If you and a relative have tested your DNA at different companies, you can compare your results at a free third party site – GEDmatch.com – which also has many additional, useful tools for analyzing your DNA and looking at match lists. Learning to use those tools may take some time as they are not intuitive, so I am writing this post to help a friend, Barbara, start to use them.

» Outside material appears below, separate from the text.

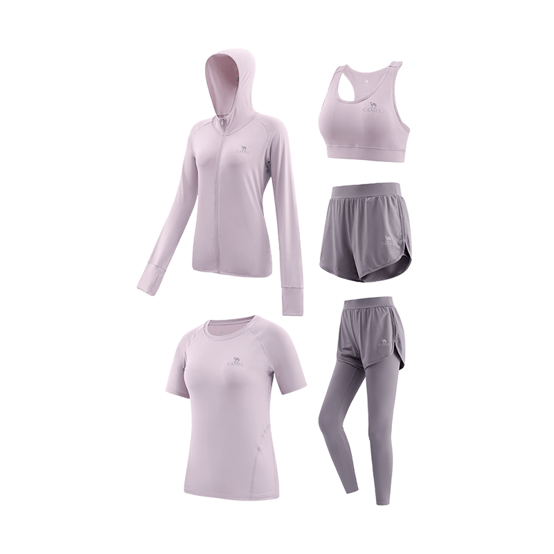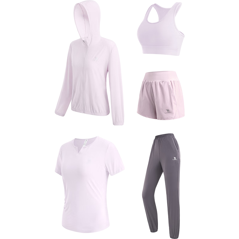 骆驼(CAMEL)运动套装女防晒跑步瑜伽服五件套 Y23BA0L6058 雪柔紫/烟雾紫 XXL

The GEDmatch site can be intimidating for the less computer savvy. Like most any place on the web, you have to register by creating a username (your email) and password . Click here for more details on registering in my GEDmatch Basics presentation starting on slide 2. Please do not be put off by the extensive new Terms of Service you have to agree to. GEDmatch has to meet the current EU requirements plus they need to warn you that your DNA could be used to identify a victim or catch a criminal among your relatives.

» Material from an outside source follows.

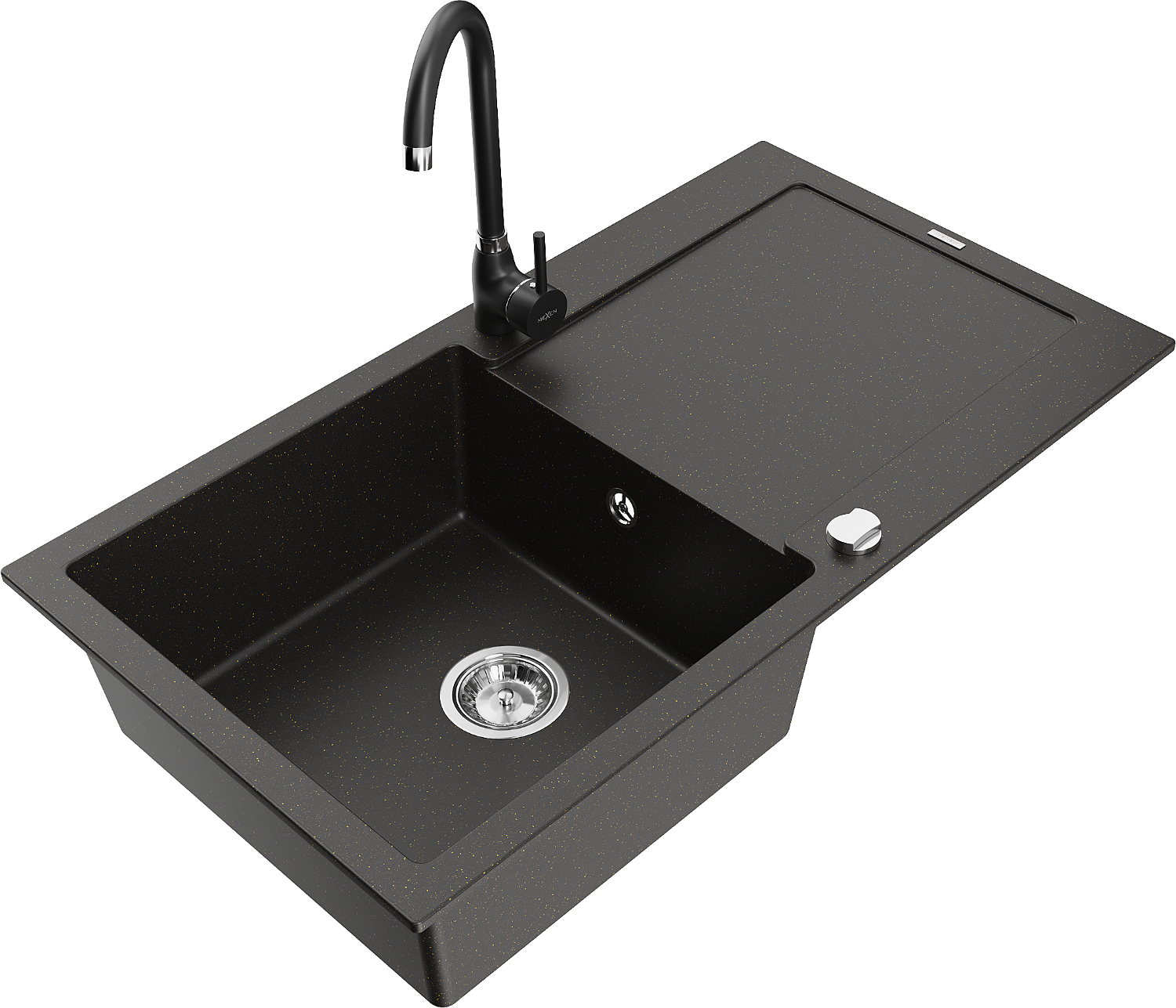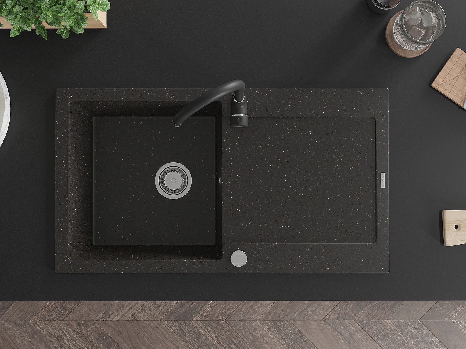 Mexen Leo lavello in granito a 1 vasca con scolapiatti e rubinetto da cucina Telma, nero/oro metallizzato - 6501-75-670200-70

Once you have a username and password and log in, you are presented with a home page which, again, is not very user friendly. The first task, which we already did Barbara, is to upload your DNA test data. Start with this slide https://slides.com/kittycooper/gedmatch-10-13#/9 for the details of how to upload and manage your DNA results, known as kits, to GEDmatch.

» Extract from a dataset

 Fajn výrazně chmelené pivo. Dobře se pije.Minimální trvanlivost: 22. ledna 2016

The image to the left shows the big blue box, called “Analyze Your Data,” which you can find on the right side of your GEDmatch home page. I have put a red box line around the functions that I find the most useful. One of the first things I do for a newly uploaded kit is check if the parents are related (yours were not Barbara, nor Martin’s).

Once your kit is uploaded, it still has to be “tokenized” which you can think of as being put into chunks for the template they use for comparisons; this can take 24 hours or so. While you wait to be able to use your kit to look for matches, you can play with the ethnicity tools. Please remember that figuring out the groups you descend from is a science still in its infancy and far from accurate yet, other than in the broad strokes.

Start with Admixture (heritage). For most Europeans, the Eurogenes calculator is best and the default K13 is fine, but for those of us with mainly Northern European ancestors, K12 is better. I have a whole presentation on just these calculators at https://slides.com/kittycooper/gedmatch#/

Although its creator has disavowed the Eurogenes Jtest calculator for listing your Jewish percentage (click here for his article), I find that if you add up all the obvious ethnicities: Ashkenazi, Western_Med, Eastern_Med, West_Asian, and Middle_Eastern, it is not that far off. The Jtest image above is from Martin, the only person I have ever seen AncestryDNA call 100% European Jewish; most of my jewish friends come out between 87% and 98% there.

Click here for the creator, Davidski’s Eurogenes blog posts on Gedmatch. Two important take-aways for me are that his ancestral clusters are much further back than the main companies and any ethnicity of 1% or smaller is likely noise.

Once your kit has tokenized, you can start using the most important tool, the One-to-many compare function which will compare your kit to all the kits in the database and then list your closest DNA relatives.